Deep Packet Inspection Set To Return
siliconbits passes along this quote from a Wall Street Journal report:
"'... two US companies, Kindsight Inc. and Phorm Inc., are pitching deep packet inspection services as a way for Internet service providers to claim a share of the lucrative online ad market. Kindsight and Phorm say they protect people's privacy with steps that include obtaining their consent. They also say they don't use the full power of the technology, and refrain from reading email and analyzing sensitive online activities. Use of deep packet inspection this way would nonetheless give advertisers the ability to show ads to people based on extremely detailed profiles of their Internet activity. To persuade Internet users to opt in to be profiled, Kindsight will offer a free security service, while Phorm promises to provide customized web content such as news articles tailored to users' interests. Both would share ad revenue with the ISPs. Kindsight says its technology is sensitive enough to detect whether a particular person is online for work, or for fun, and can target ads accordingly."
More like the identity theft market....
Deep Packet Inspection Set To Return
I didn't know Deep Packet Inspection ever went away. Did I miss something?
I'm happy to hear you won't read the mails. I take your word for this, ISP's, because you're trustworthy!
Thanks for giving me your word, and only reading other parts of my surfing habits!
Beware: In C++, your friends can see your privates!
And then consider it mine to do with as I please. If people thought of internet access like a rented apartment, they would recognize ISPs seeking revenue on the other end for the double dipping and theft for what it was. It would be like a landlord using your rented place as his storage area and requiring toll for any visitors.
Stop trying to make a 50 cents per user with everything else and be happy with my $20-50 per month. I stop frequenting other businesses that stop treating me less like a customer in my own right and more like a revenue stream to be exploited and maximized at all costs.
I know some people put up with this (buying the cheapest computers that have all manor or shitware on them) but I stopped that game long ago. Not worth my time.
I also drop any so-called friends that try to make me their lower step in any mlm scheme. It's all the same thinking and I want none of that.
Err, didn't they try this before and users hated it and it's invasion of privacy so much that it nearly caused a court case? What's changed to make it different this time? Oh look, nothing, they're just hoping everyone's forgotten already...
Just like the "national do not call list" we need a "National do not advertise list" .
As much as I think Phorm, Nebuad, and their ilk are worse-than-worthless subhumans who are only alive because it is illegal to kill them, burn their corporate offices to the ground, and erase every last miserable trace of their existence, they might actually have an unintended positive impact.

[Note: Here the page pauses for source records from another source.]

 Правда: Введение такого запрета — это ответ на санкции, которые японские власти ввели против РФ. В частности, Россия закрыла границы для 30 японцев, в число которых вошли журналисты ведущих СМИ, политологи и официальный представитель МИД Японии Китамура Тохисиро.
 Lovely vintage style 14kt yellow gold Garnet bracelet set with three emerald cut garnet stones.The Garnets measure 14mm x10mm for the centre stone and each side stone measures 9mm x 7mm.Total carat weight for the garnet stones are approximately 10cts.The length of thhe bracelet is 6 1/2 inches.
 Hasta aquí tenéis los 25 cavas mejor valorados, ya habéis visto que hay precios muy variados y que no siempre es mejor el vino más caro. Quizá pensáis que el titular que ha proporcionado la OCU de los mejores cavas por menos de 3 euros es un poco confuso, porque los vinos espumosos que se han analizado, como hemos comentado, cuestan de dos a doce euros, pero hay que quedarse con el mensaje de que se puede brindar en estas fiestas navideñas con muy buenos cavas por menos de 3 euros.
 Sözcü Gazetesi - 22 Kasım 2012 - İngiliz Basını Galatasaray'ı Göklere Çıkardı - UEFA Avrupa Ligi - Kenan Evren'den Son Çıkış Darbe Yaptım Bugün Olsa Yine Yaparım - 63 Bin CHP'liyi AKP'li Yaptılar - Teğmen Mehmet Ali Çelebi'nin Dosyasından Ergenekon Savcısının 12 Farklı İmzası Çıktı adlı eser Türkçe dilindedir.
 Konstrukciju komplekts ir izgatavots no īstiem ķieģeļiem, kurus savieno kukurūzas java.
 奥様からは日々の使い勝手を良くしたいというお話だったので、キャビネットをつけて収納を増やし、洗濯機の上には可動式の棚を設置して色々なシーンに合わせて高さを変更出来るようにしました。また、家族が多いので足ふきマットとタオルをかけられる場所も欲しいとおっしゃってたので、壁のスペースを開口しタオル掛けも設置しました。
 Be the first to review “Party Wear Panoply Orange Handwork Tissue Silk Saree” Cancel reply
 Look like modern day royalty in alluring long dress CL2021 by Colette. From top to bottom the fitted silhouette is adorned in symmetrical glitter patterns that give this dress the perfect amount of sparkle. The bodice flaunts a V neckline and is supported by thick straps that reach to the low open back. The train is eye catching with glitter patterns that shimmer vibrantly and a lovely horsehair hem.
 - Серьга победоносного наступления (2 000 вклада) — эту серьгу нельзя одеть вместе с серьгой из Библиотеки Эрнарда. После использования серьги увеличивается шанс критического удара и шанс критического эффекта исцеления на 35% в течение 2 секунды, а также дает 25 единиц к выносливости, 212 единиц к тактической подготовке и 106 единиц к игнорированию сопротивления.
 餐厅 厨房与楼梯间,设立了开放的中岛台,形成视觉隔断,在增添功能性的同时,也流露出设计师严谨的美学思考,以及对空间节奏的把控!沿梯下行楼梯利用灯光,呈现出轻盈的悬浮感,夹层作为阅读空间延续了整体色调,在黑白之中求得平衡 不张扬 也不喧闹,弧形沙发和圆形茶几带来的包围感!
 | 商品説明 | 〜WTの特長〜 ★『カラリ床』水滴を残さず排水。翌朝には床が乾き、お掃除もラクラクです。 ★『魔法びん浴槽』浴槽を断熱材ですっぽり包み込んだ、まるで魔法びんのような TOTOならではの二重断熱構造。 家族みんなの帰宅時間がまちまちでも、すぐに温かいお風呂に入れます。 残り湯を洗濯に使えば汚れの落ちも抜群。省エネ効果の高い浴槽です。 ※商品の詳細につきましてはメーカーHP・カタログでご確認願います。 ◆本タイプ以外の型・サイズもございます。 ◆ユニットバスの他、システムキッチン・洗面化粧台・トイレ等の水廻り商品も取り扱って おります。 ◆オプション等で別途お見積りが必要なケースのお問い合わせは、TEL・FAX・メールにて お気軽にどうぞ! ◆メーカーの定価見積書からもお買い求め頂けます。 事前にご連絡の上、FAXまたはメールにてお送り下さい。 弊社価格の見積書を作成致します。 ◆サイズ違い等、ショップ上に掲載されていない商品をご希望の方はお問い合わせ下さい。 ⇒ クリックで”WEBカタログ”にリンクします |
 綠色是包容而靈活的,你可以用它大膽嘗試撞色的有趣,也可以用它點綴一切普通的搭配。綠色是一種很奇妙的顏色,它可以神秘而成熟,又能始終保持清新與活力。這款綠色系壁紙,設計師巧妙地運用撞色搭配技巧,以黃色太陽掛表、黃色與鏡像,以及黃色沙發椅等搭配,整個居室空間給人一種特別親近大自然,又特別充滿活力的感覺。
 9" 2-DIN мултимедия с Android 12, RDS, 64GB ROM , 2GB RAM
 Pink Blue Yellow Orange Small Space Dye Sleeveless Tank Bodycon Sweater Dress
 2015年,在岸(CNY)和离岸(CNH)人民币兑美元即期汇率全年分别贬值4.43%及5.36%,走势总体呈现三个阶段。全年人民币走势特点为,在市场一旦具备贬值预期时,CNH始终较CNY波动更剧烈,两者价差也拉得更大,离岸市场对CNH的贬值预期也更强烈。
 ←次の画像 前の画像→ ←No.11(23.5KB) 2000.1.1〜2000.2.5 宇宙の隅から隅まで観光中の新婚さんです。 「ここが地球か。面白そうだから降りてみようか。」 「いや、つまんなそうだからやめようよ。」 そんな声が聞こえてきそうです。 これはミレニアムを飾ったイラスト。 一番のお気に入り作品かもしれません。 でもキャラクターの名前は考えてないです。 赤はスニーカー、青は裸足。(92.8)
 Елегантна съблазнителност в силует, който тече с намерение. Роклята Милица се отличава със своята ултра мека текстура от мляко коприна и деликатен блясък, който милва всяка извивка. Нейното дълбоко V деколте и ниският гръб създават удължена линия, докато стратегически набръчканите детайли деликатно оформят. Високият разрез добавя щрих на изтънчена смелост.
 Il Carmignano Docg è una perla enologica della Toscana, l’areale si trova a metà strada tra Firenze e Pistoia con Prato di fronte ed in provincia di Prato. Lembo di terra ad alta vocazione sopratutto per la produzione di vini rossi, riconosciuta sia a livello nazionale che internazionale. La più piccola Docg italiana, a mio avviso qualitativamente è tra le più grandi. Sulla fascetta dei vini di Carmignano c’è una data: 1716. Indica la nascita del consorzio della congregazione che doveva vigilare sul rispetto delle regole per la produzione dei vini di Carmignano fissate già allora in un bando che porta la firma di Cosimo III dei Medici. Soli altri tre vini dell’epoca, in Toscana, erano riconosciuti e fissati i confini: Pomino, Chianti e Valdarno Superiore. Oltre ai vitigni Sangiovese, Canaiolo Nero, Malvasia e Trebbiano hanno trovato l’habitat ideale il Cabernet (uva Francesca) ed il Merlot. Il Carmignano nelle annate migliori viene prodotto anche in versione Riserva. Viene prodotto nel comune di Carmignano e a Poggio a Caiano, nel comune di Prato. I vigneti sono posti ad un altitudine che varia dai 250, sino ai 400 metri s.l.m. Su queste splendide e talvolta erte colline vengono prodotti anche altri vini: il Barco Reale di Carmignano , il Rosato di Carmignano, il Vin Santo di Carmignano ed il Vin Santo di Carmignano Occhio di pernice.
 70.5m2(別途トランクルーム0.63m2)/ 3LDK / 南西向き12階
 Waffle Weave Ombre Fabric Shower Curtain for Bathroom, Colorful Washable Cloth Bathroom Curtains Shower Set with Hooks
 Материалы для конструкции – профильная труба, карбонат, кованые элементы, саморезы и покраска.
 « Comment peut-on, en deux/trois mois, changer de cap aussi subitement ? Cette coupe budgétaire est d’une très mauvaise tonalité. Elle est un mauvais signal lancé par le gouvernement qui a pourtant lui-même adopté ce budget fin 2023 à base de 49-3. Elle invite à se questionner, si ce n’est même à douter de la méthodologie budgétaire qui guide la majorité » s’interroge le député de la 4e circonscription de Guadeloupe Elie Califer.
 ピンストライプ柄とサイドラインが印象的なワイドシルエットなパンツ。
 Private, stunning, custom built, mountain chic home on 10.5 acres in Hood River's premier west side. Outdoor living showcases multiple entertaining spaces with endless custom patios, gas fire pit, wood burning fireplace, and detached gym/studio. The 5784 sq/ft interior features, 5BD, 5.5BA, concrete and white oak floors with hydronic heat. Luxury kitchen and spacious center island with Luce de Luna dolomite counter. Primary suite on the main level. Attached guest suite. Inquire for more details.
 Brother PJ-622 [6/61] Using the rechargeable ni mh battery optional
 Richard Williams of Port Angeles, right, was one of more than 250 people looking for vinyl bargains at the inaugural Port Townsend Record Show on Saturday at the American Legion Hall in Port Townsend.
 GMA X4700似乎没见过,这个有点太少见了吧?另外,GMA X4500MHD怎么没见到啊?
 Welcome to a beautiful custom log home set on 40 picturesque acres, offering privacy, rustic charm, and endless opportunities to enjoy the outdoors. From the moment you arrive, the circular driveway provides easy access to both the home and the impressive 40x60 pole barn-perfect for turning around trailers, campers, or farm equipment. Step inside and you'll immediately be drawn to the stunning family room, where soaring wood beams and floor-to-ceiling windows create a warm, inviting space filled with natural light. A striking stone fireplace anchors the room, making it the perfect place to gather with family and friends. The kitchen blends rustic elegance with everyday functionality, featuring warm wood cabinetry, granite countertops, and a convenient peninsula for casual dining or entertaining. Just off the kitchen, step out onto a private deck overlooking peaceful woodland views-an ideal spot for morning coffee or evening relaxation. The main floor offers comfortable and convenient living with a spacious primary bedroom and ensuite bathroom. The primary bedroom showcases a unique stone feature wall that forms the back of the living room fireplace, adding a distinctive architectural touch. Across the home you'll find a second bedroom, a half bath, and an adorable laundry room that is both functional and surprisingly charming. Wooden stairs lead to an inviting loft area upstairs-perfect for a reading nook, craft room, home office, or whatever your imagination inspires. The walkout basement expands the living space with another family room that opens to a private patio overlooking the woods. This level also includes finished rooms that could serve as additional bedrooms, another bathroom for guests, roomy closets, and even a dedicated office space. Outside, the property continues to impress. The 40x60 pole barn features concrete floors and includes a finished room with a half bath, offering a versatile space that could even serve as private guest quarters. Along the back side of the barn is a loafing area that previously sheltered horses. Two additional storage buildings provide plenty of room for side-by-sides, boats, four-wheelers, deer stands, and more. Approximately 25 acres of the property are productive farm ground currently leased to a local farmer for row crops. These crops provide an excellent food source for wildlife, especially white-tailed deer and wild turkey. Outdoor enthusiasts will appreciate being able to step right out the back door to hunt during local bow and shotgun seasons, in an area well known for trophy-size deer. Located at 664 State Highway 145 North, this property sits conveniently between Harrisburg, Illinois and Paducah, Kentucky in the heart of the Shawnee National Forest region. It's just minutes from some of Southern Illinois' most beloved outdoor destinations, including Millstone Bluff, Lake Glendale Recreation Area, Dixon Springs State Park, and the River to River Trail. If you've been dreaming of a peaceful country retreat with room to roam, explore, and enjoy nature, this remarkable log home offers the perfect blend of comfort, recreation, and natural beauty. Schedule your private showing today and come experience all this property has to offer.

At present, most sites the public interacts with(outside of the very moment of a credit card transaction or banking login) tend to skip SSL, even when that is a terrible idea. Social networks, email, loads of other not-directly-financial-but-really-shouldn't-be-unencrypted stuff goes flying over the wire, in the clear, because the providers don't want the computational overhead of SSL. Even when they have the capability, it is rarely the default, and people who go to http://foo.whatever/ typically aren't kicked over to https://foo.whatever./
However, most of those sites depend on advertising and user profiling(either third party, as in the case of sites that run adsense or equivalent, first party, as with Gmail, or as a proprietary advantage, as with Amazon's customer recommendation engine). The advertisers will be, to put it in the mildest possible terms Unbelievably Fucking Ripshit when they hear that ISPs and their spook cronies will be horning in on their action. Not Happy. Very, Very, Not Happy. And if you think that they were not happy at that, just wait until the DPI crew starts injecting 3rd party ads and things into pages. Using your DPI evil to, say, inject 3rd party recommended products right into Amazon or any other online retailer's website would be eminently doable, technologically. That will really piss them off. Lawyers will be deployed, faces will turn purple. Shoes will be banged upon boardroom tables, Khrushchev style.
Since, as stated above, strangling their executives with the entrails of their own children isn't generally legal, they'll have to do something else. Specifically, pull their cheap heads out of their tightwad asses and start using SSL more seriously. Since your ISP is the ultimate man-in-the-middle, they won't be able to stop them from seeing where you are going; but they will be able to stop them, dead, from monkeying with, or even reading in any useful way, your traffic.
Ideally, Phorm and friends will do more than the EFF has, probably by a substantial margin, to drive mainstream SSL adoption, and then suffer a series of crippling workplace spree-killings.
...a good reason to encrypt everything by default.
Your Honor, my client was irreparably harmed by a Comcast customer's emails and web traffic, which they now have the technical abiltiy to monitor and are in fact doing so on a regular basis to their financial advantage. Comcast's failure to use this technology to stop the harm done to my client is the basis for our claim of one bazillion dollars in damages.
If Slashdot were chemistry it would look like this:Cadaverine
Everyone needs to get off their asses and enable https.